Do not forget your people throughout the process. They are so integral to this. I know that there is sort of a blanket assumption that the tech can do everything. It's not gonna move without the people. So all of these piece all of these pieces have to work together in order for AI to scale.
And when they come together, that's when you see the value become really visible and also deployable. So we just don't wanna see it, but we wanna be able to to leverage it and really use it.
Absolutely. And I just going back to what you were saying and thinking about KPIs from a human lens versus the system lens, a point I've made on the on the show in the past. But I I think it's when you're at your AI white belt, you know, all manual processes are the enemy, and you gotta go in there with lasers and get them out. And and and that's where you want the technology. Think when you get to your AI black belt, it becomes, no.
Manual processes were not the enemy. We need to be selective about what the manual processes are because that's the stuff that's front of mind. And
this No.
Yeah. Go going back to right what you were saying about training your people. We've talked a lot about KPIs really telling that story upstairs. Maybe thinking a little bit more about the team and the human resources that you're working with, small h, r. What should leaders do now to move from demos to deliverables when it comes to their human talent?
That is a good a good question. It really you gotta start from the beginning like you do for any major transformation within your company. You really need to start thinking about your AI literacy and your AI fluency within the company. Larger companies right now, what what I think they're typically used to is that you you have something big in you that, you know, comes into the enterprise and it's something that you want, that you know you're gonna spend a lot of money on and that is gonna touch all areas of your business. And you say, well, let's go to L and D and let's kind of spin up a lot of training for folks to become literate in whatever this thing is.
And I think that that is a good start, but you can't stop there. The I mean, just in the nature of how we started this conversation, Matt, right? Like, when we think about it, you were like, well, you know, things are moving so quickly. Like, you know, this this was the conversation before, and now we're talking Adjentic, and we're talking this. You can't you have to the l and d piece of this, you have to ground people in the fundamentals.

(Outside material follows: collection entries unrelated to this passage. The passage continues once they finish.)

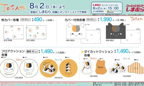 優しさと切なさに溢れた「緑川ゆき」先生による漫画を原作とする、TVアニメ「夏目友人帳」× ファッションセンター「しまむら」全国にて、2023年8月2日よりコラボグッズが発売される。「夏目友人帳 × しまむら」では、ニャンコ先生をデザインした、新作グッズや日用雑貨・アパレルアイテムなどが多数登場する。
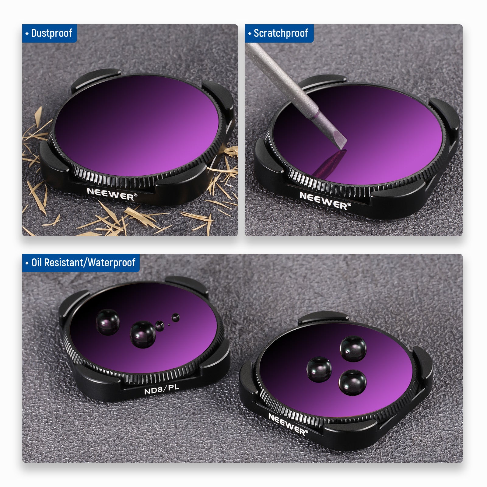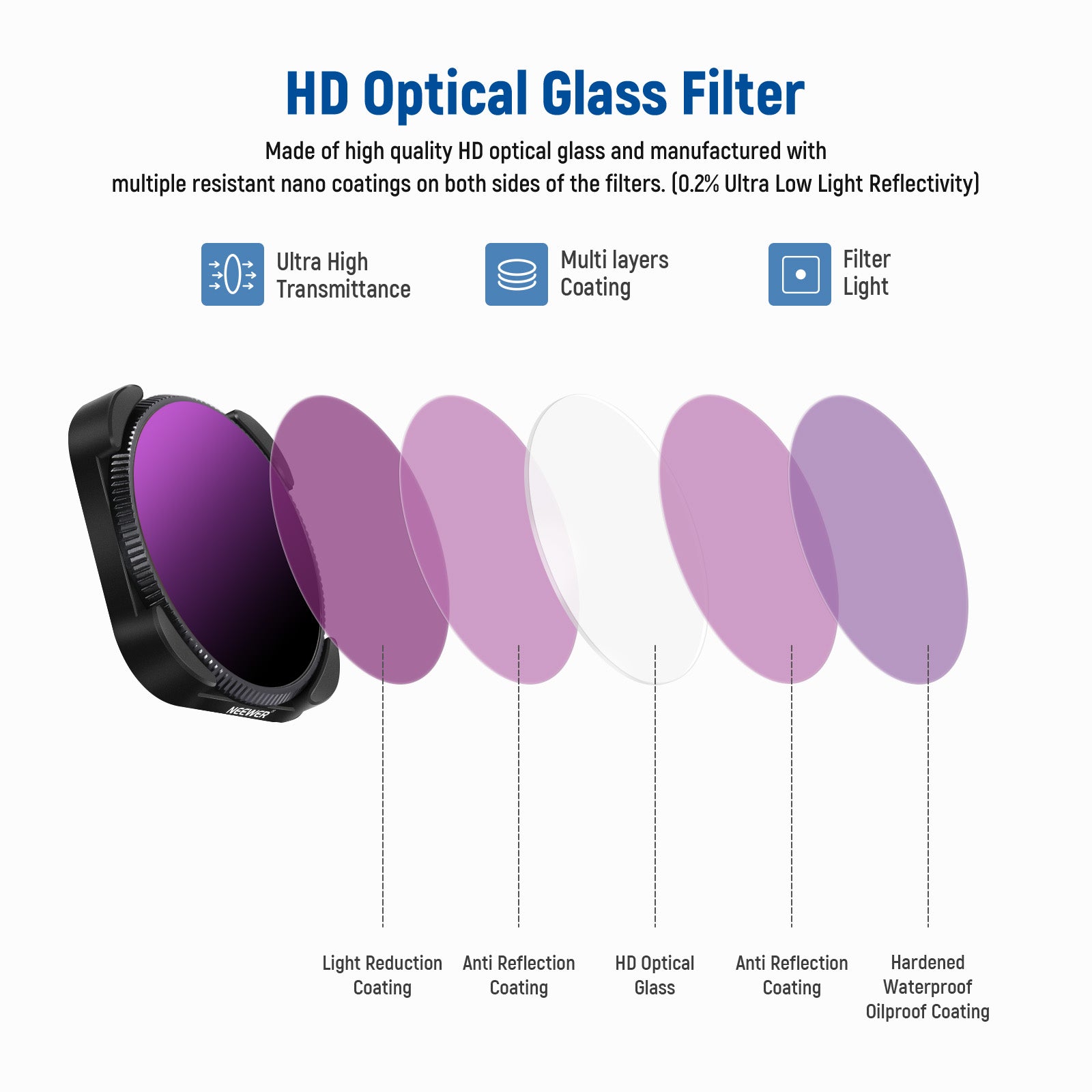 - Made of HD optical glass, manufactured with multi-resistant nanocoatings on both sides of the filters, and also featuring an ultra-low 0.2% light reflectivity, the filter surface can not only reduce glare and reflection but also resist oil and scratches in usage (Note: the filters themselves are not waterproof and can’t be used underwater).
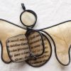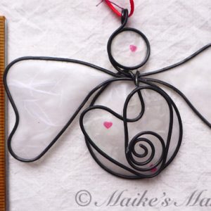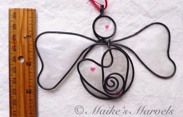 Steel wire was hand-bent into the angel shape, along with 2 rings in the form of an infinity shape. Then a metal and crystal flower shape was attached to the rings. White tissue paper was dipped in encaustic medium and then attached to the wire with the resin and beeswax mixture. The angel comes with a silver satin ribbon for hanging. This angel measures 3 inches tall by 4 inches wide and 1/2 inch deep.
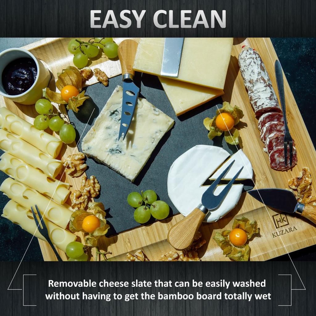 Unser Bambuskäsebrett ist aus feinstem reinem Bambus gefertigt, was bedeutet, dass es natürliche antibakterielle

Right? So what does the the AI journey kind of look like? What was the AI from ten years ago that we've already been doing? And how does it connect to the AI of today and what we're trying to do within the firm? Those foundational courses on prompt engineering, etcetera.
These are good tools, like, in the tool chest for all of your all of your folks within your organization. Beyond that, the messaging and communication around what you're actually doing in the firm and how it's going to impact all of the different areas, that needs to be consistent and transparent. Leaders that are charged with kind of driving the AI strategy need to make sure that they're talking about it all the time. And then there's this gray piece in the middle, and I talk about this all the time with folks on my team. And this piece of it is really, like, not even so much about the company messaging and the foundational learning, but it's like, okay, so now we kind of understand these concepts.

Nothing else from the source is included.